Manual for the MTOM software

Ai Li1 Steve Horvath1,2

1 Dept. of Biostatistics, School of Public Health, UCLA

2 Dept. of Human Genetics, David Geffen School of Medicine, UCLA

Correspondence: or

The MTOM software uses the multi-node topological overlap measure (MTOM) for gene neighborhood analysis and for module detection.

To cite the MTOM software, please use the following references:

· Li A, Horvath S (2006) Network Neighborhood Analysis with the multi-node topological overlap measure. Bioinformatics. doi:10.1093/bioinformatics/btl581

· Li A, Horvath S (2007) Network Module Detection: Affinity Search Technique with the Topological Overlap Measure. Submitted.

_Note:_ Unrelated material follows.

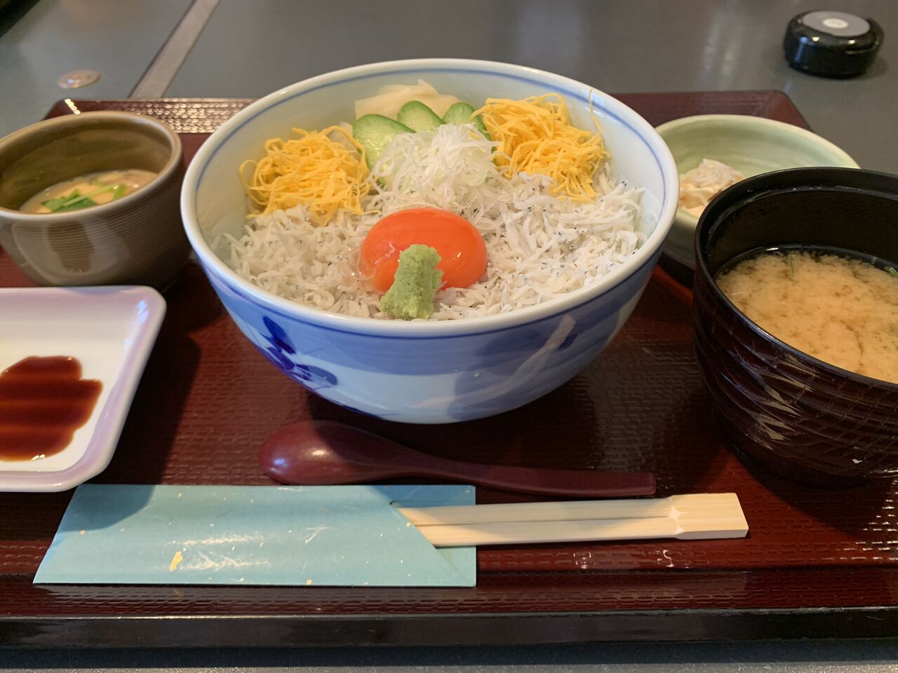 2021年06月10日 【日替り・しらす丼 黄身のせ】6/10(木) 本日 11時~20時の通し営業 おはようございます。川越市「和食処まどい」本日 6/10(木)午前11時~午後8時までの通し営業(19時30分 L.O)となります。川越市が緊急事態宣言に準じる「まん延防止等重点措置」の対象区域となった事を受けて酒類の提供は、終日提供ございません。本日の日替わりは「しらす丼 黄身のせ」です。コーヒー・デザート付1000円(税込)=====こちらは単品「野菜天」と「お蕎麦」 本日もお客様のお越しをお待ち申し上げております。

Here we provide a brief user manual.

0. The Windows software can be downloaded from the following webpage

http://www.genetics.ucla.edu/labs/horvath/MTOM/

1. After double clicking the MTOM icon, you should see the following screen that allows you to input the data.

Fig. 1

Note that the MTOM software has 3 tabs:

a) Data Input

b) Finding Gene Neighbors

c) Module Detection

In the following, we explain these tabs.

2. Data Input

The software allows one to input gene expression data and to compute a gene co-expression network. Alternatively, one can input a co-expression similarity measure (assume to take on values in the unit interval). This similarity measure can be transformed into an adjacency measure by raising it to a power (soft thresholding which results in a weighted network adjacency) or by dichotomizing it (hard-thresholding it which results in an unweighted network).

Alternatively, one can input an adjacency matrix directly. Input format: square matrix where all entries take on values in the unit interval.

[1] Input Microarray Gene Expression Data

In most applications, the user will input gene expression data. In the following, we describe how to input gene expression data and how to compute a corresponding gene co-expression network. Later, we describe how to carry out network neighborhood analysis and module detection.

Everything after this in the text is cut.